Busy as bee cleaning out garage

Winter must be on the way out - I've been feeling the urge to spring-clean.

So we started with the garage.

It all had to go.

Handy bits of wood, miscellaneous rusty nuts and bolts, old kitchen cabinets, lids to dustbins that have long gone and assorted camping equipment (broken tent poles, bent pegs and the like) were loaded on to the trailer along with short bits of chicken wire and empty cartons that had failed to come in handy, despite being kept for years.

But I kept finding useful treasures, such as the piece of perspex that will be the top of my solar wax melter, when my bees finally gather something for me to harvest.

Still, for every handy thing I kept I ditched about 20, so the car fits into the garage, and the middle shed is mine for beekeeping jobs.

But when it's too cold to be mucking around with bees or building hive parts in the shed (which doesn't have a door), I've been sitting by the fire reading the new fourth edition of Practical Beekeeping in New Zealand, by Andrew Matheson and Murray Reid (Exisle Publishing).

These guys know their stuff.

Andrew Matheson spent five years as director of the International Bee Research Association, based in the UK, while Murray Reid is apicultural services manager for Asurequality, an organisation all Kiwi beekeepers should know.

This just-published edition has been revised and updated, and includes information on problems such as nosema and varroa - vital stuff for those of us in the South who haven't experienced such potentially deadly pests yet.

It's a comprehensive guide to keeping bees in New Zealand, for both amateur and professional beekeepers. In a hobby where you spend a lot of time alone, trying to figure out what a bunch of insects are doing and how to make them do it your way, this book is like having a wise and friendly tutor looking over your shoulder.
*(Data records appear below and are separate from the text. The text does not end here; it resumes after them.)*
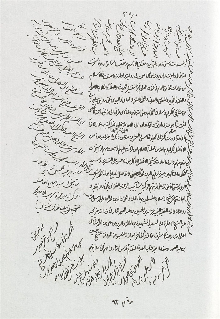 ان تشجيعه المستمر كان دافعة لنا في الفحص الجاد، حتی زرنا بعض المدن لهذا الغرض وطلبنا من جملة من المكتبات الكبيرة تصوير ما لديها من الاجازات، فتجمع من مجموع صلاتنا بالأشخاص والمكتبات هذه المجموعة التي يجدها القاريء العزيز ماثلة بين يديه . مع أننا نعلم أن هناك اجازات أخرى لم يرض أصحابها اطلاعنا عليها أو منعتنا الموانع من نسخها أو تصويرها .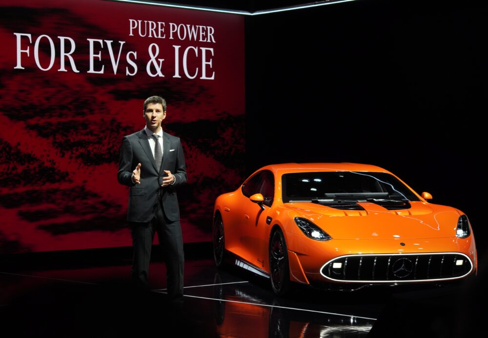 プレゼンテーションでは、「AMGが電動化の時代にも“走りの情熱”を失わないことを証明する、耐久性能と感情を両立した電動ハイパフォーマンスカー」として紹介されました。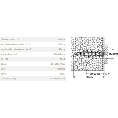 VÝHODY ▪ Osazením hmoždinky pouze do izolačního materiálu lze kotvené díly montovat bez tepelných mostů. ▪ Tvar FID umožňuje snadnou montáž skrze tenkovrstvé omítky bez...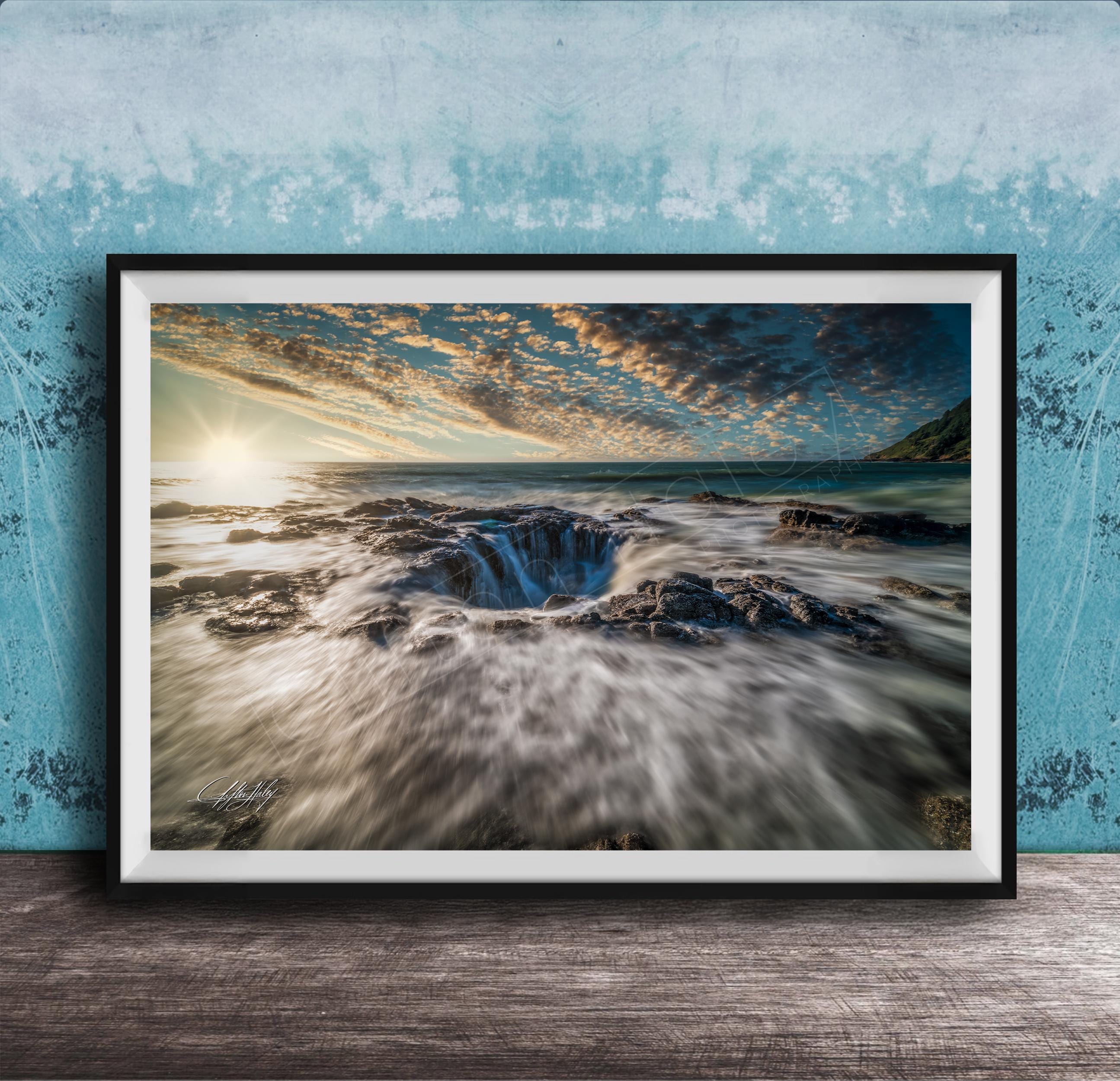 Experience the captivating beauty of the Oregon coast with this stunning Thor's Well photograph, where dramatic ocean waves meet a rugged coastline at sunrise or sunset. Inspired by the natural wonder near Cape Perpetua and Yachats, this coastal nature print brings the serene yet powerful ambiance of the sea right into your home. Perfect for lovers of travel landscape art and wildlife wall decor, each piece invites you to immerse yourself in nature’s breathtaking moments.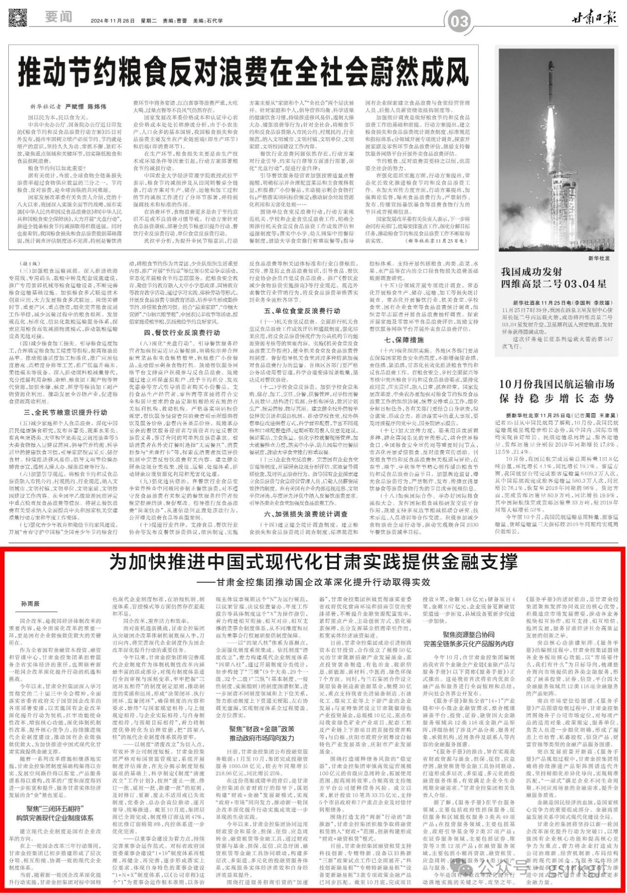 今年以來,甘肅金控集團深入學(xué)習(xí)貫徹黨的二十屆三中全會精神,全面落實省委省政府關(guān)于國資國企改革的各項部署安排,以實施國有企業(yè)改革深化提升行動為契機,扛牢功能使命性改革、增強核心功能,深化體制機制性改革、提升核心競爭力,持續(xù)推進現(xiàn)代企業(yè)制度建設(shè),推動國有企業(yè)做強做優(yōu)做大,為加快推進中國式現(xiàn)代化甘肅實踐提供金融支撐。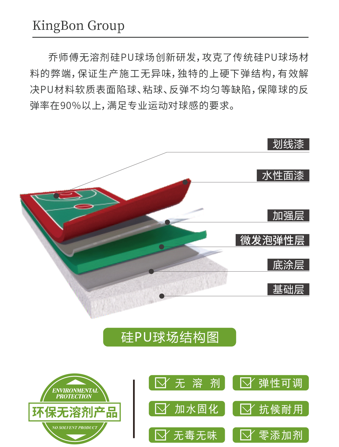 无溶剂硅PU球场创新研发,攻克了传统硅PU球场材料的弊端,保证生产施工无异味,独特的上硬下弹结构,有效解决PU材料软质表面陷球、粘球、反弹不均匀等缺陷,保障球的反弹率在90%以上,满足专业运动对球感的要求。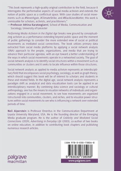 Performing Media Activism in the Digital Age breaks new ground by conceptualizing activism as a performance extending beyond public space and the moment of public gatherings to consider the more extended view of social or political movements as mediated social connections. The book utilizes primary data extracted from social media platforms by applying a social network analysis (SNA) approach to the people, organizations, and media that are trying to advance their particular agendas, with an eye toward a better understanding of the ways in which social movements operate in a networked society. The goal of social network analysis is to identify social structures within a movement such as communities or clusters and it seeks to locate influence within those structures.
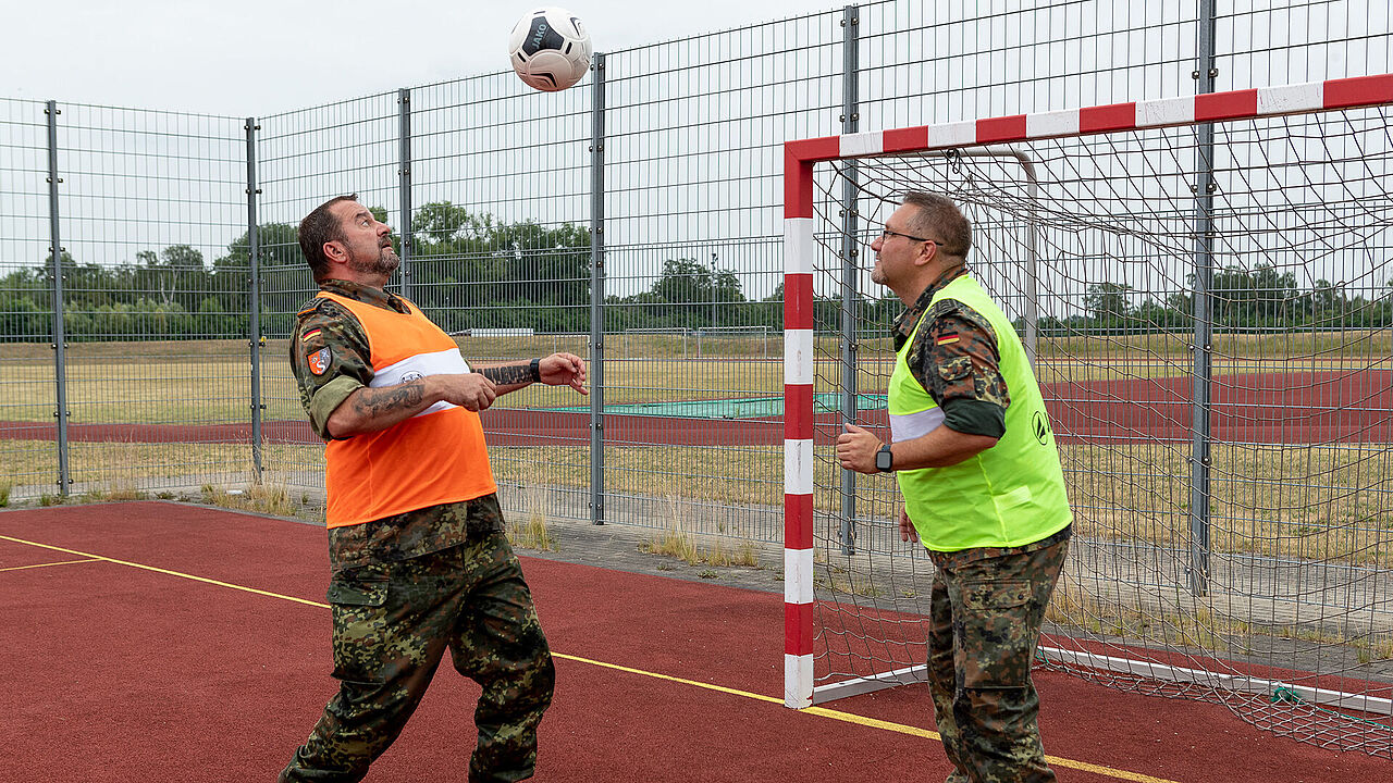 Beim Kick in Hannover: Der Kameradschaftsvorsitzende Stabsfeldwebel René Giesa (l.) mit Stabsfeldwebel Christian Czarnecki, Leiter der Fußball AG. Foto: LV Nord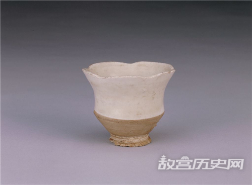 白釉葵瓣口杯,高6.2厘米,口径7.5厘米,足径3.4厘米。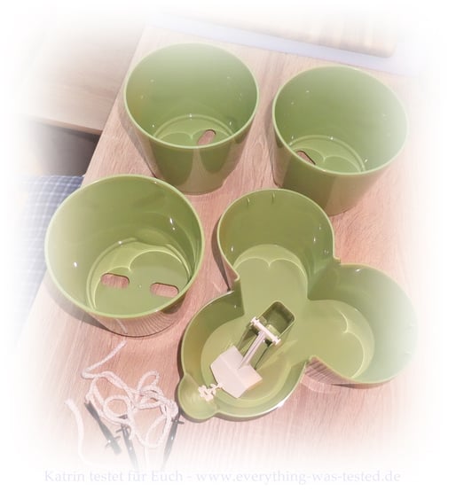 Der weiße Docht wird laut Angabe um den schwarzen Dochthalter gelegt und etwas angefeuchtet, danach wird der fertige Dochthalter von unten in die Erde des jeweiligen Pflanztopfes gedreht. Die drei Pflanztöpfe auf den Dreier-Untertopf stellen und Wasser ins Bewässerungsfach (kleine weiße Blume) geben.
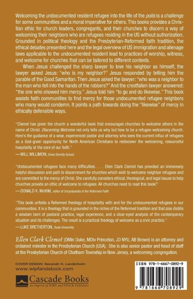 Gold Medal Winner, Illumination Award, 2023 Welcoming the undocumented resident refugee into the life of the polis is a challenge for some communities and a moral imperative for others. This books provides a Christian ethic for church leaders, congregants, and their churches to discern a way of welcoming their neighbors who are refugees residing in the US without authorization. Grounded in political theology and the Presbyterian-Reformed faith tradition, the ethical debates presented here and the legal overview of US immigration and alienage laws applicable to the undocumented resident lead to practices of worship, witness, and welcome for churches that can be tailored to different contexts. When Jesus challenged the sharp lawyer to love his neighbor as himself, the lawyer asked Jesus: ""who is my neighbor?"" Jesus responded by telling him the parable of the Good Samaritan. Then Jesus asked the lawyer: ""who was a neighbor to the man who fell into the hands of the robbers?"" And the crestfallen lawyer answered: ""the one who showed him mercy."" Jesus told him ""to go and do likewise."" This book assists faith communities to find mercy for those undocumented refugee neighbors who many would condemn. It points a path towards doing the ""likewise"" of mercy in ethically defensible ways.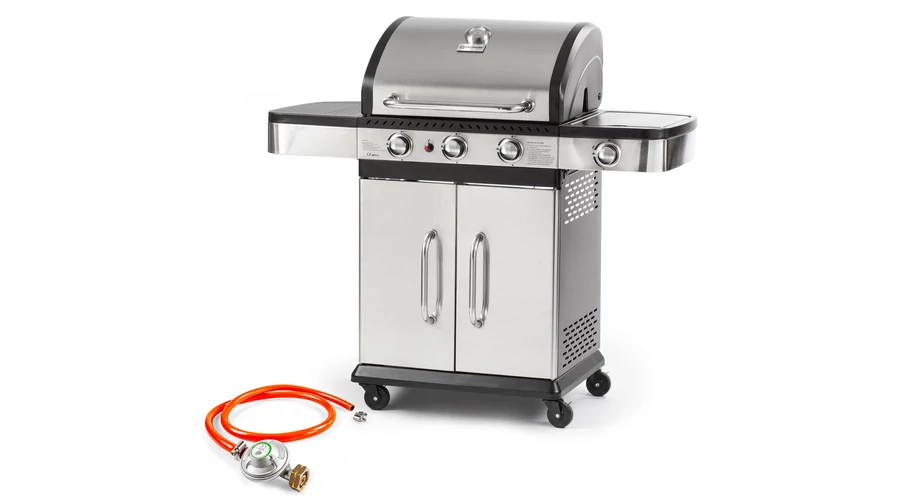 Ismerje meg a Fieldmann FZG 3011 gázgrillt - az ideális kiegészítő minden kerti sütés-főzés kedvelőjének! Ez a kiváló minőségű gázgrillsütő mindazt nyújtja, amire szüksége van ahhoz, hogy kertjében vagy teraszán kényelmesen és stílusosan élvezhesse a sütés és grillezés élményét. A három rozsdamentes acél égőfej, kiegészítve az oldalsó gázégővel, egyedülálló teljesítményt biztosítanak. Ezek egymástól függetlenül használhatók, így változatos hőmérsékleteket állíthat be az ételei elkészítése során. Az egyszerű indítást a beépített gyújtási rendszer biztosítja, míg a beépített hőmérő lehetővé teszi, hogy mindig ellenőrizze a sütőtér hőmérsékletét. A grillsütő egy oldalára praktikus munkalapot is terveztünk, így kényelmesen előkészítheti az ételeket vagy tálalhatja azokat. A kerekeinek köszönhetően könnyen mozgatható, így bárhová elhelyezheti a kertben vagy teraszán. Az energiaforrást az 5 kg vagy 10 kg gázpalackok biztosíthatnak, amelyeket könnyen csatlakoztathat a mellékelt csatlakozó tömlővel. A grillsütő méretei (122 x 57 x 112 cm) és a tágas grill felület (60 x 42 cm) ideálisak mindennemű sütéshez és grillezéshez. A rozsdamentes acél fogantyúk és kezelőpanel nemcsak modern megjelenést kölcsönöznek, hanem ellenállnak az időjárási viszontagságoknak is. A mozgatást segítő kerekek segítségével könnyen szállíthatja és pozícionálhatja a grillsütőt a kertjében. Élvezze a sütés és grillezés örömeit a Fieldmann FZG 3011 kiváló minőségű, stílusos gázgrillsütővel!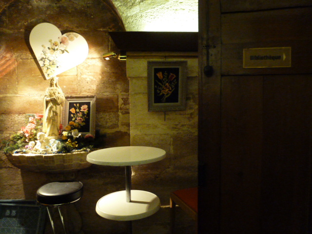 Now let me tell you about my favorite quirk of this quirky church: Le Foyer, the restaurant secretly tucked beneath the church itself. Because the perron is raised ten feet off the ground, there is plenty of room under there for a café.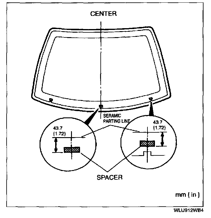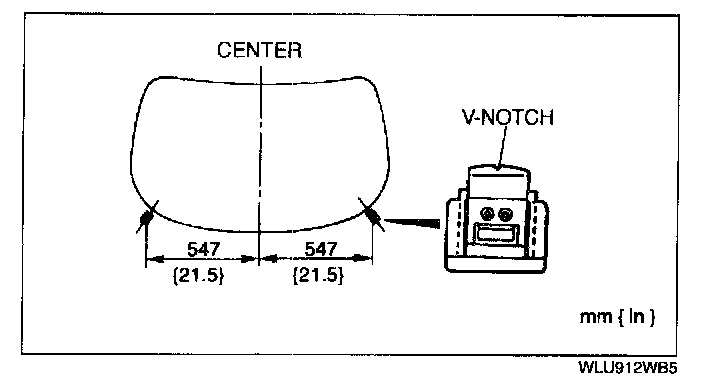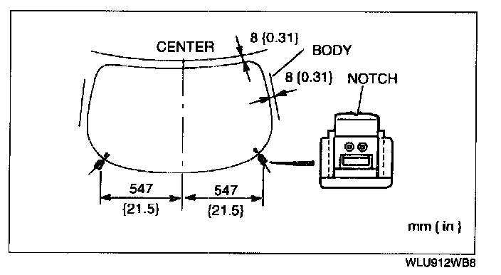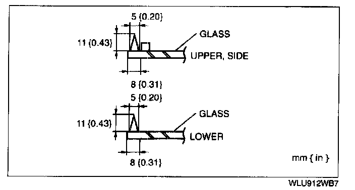 12. Press firmly on the glass to compress the sealant. Verify that the clearance between the top and sides of the glass and the body is 8 mm {0.31 in}.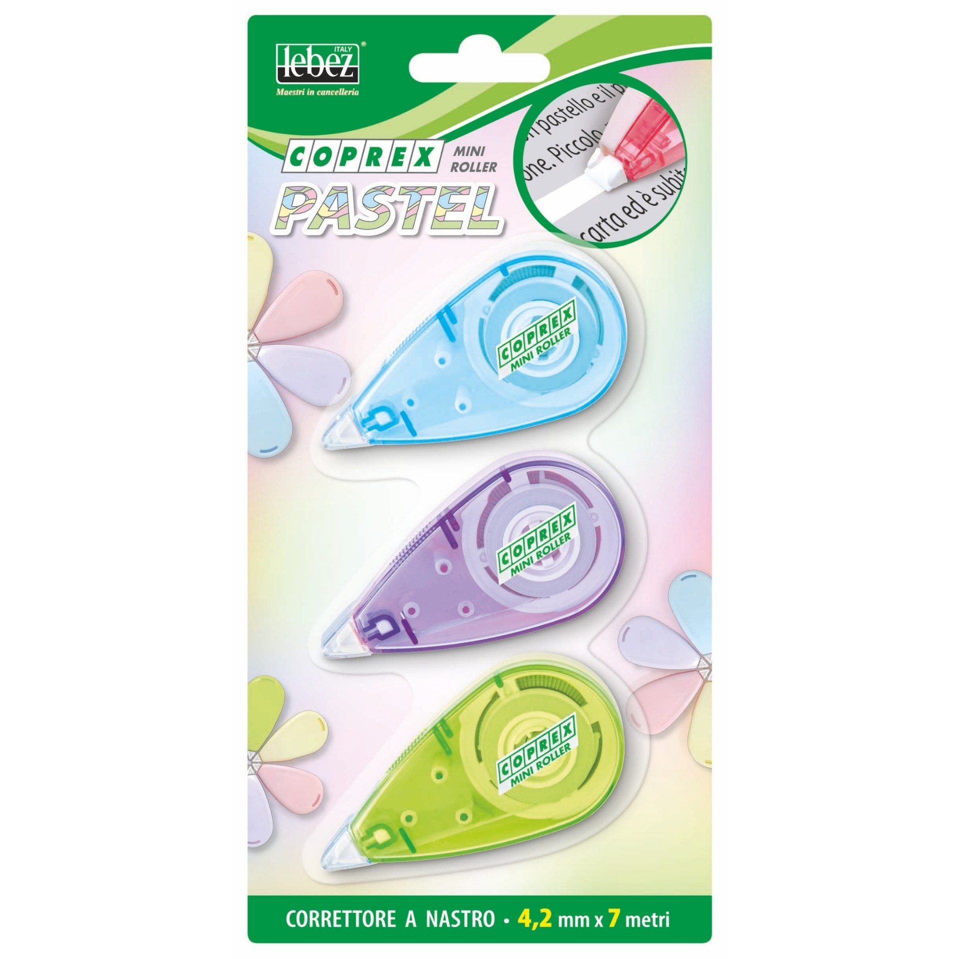 Mini corector cu banda 4.2 mm x 7 m Pastel – blister 3 buc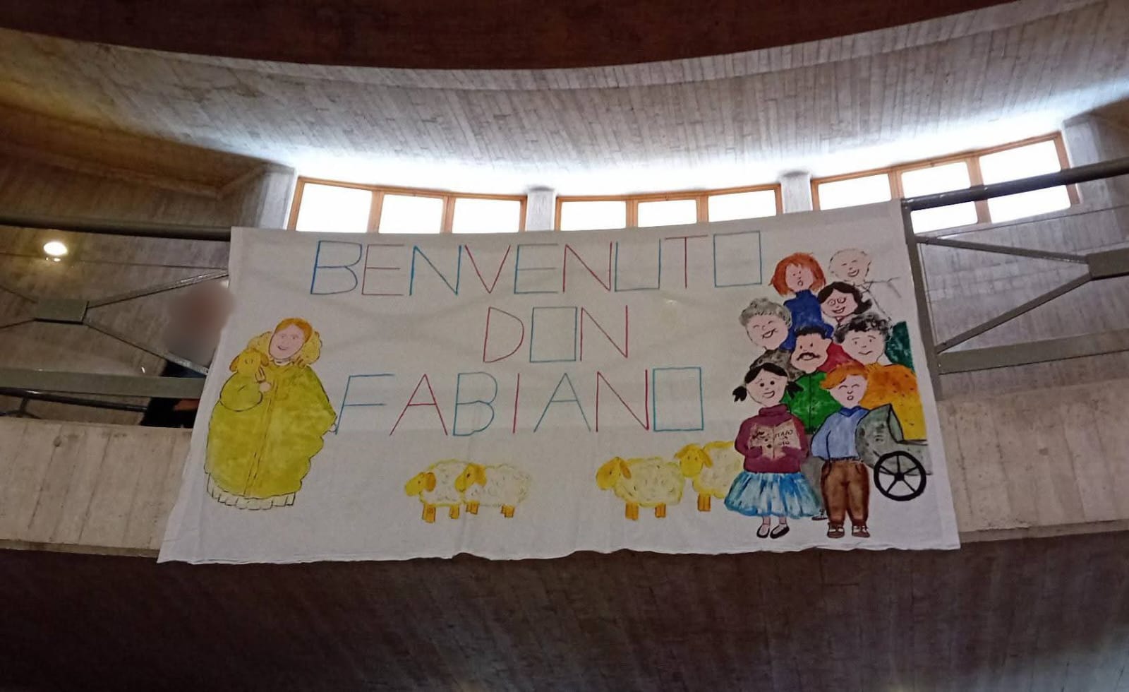 Una veglia serale semplice, ma molto partecipata: sotto a un colorato striscione di benvenuto, parrocchiani di tutte le età si sono riuniti per dare il loro abbraccio di benvenuto a questo giovane sacerdote.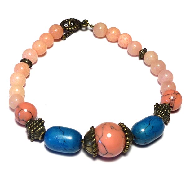 Браслет из натуральных камней (кварц, кахолонг, бирюза) TOV-0130 ручная работа, длина 19.5 см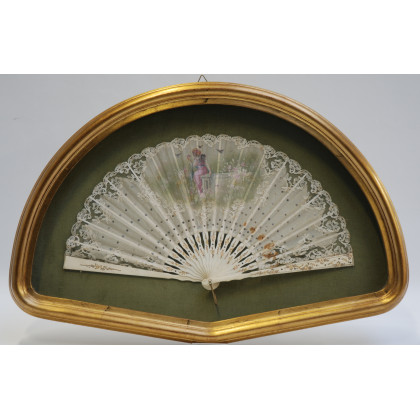 Ventaglio con pagnia in pizzo decorata con figura di gentildonna in un giardino. In teca dorata (difetti)

The book deals with Langstroth hives (the ones you usually see around the countryside) and contains nothing about the vexed subject of the top-bar hives springing up around urban areas. Commercial beekeepers distrust these - or at least the beekeepers who have them - because they fear the spread of diseases such as American Foul Brood, due to not being able to inspect hives in the traditional way.

Top-bar proponents say they are just as easy to inspect and their bees are healthier anyway, because the hives are more natural.

Some say top bars are illegal, because the comb is not built on removable frames. Others say that's just silly, since the bars on which comb is built are easily removable for the legally required inspections.

It would have been nice to hear the experts' view.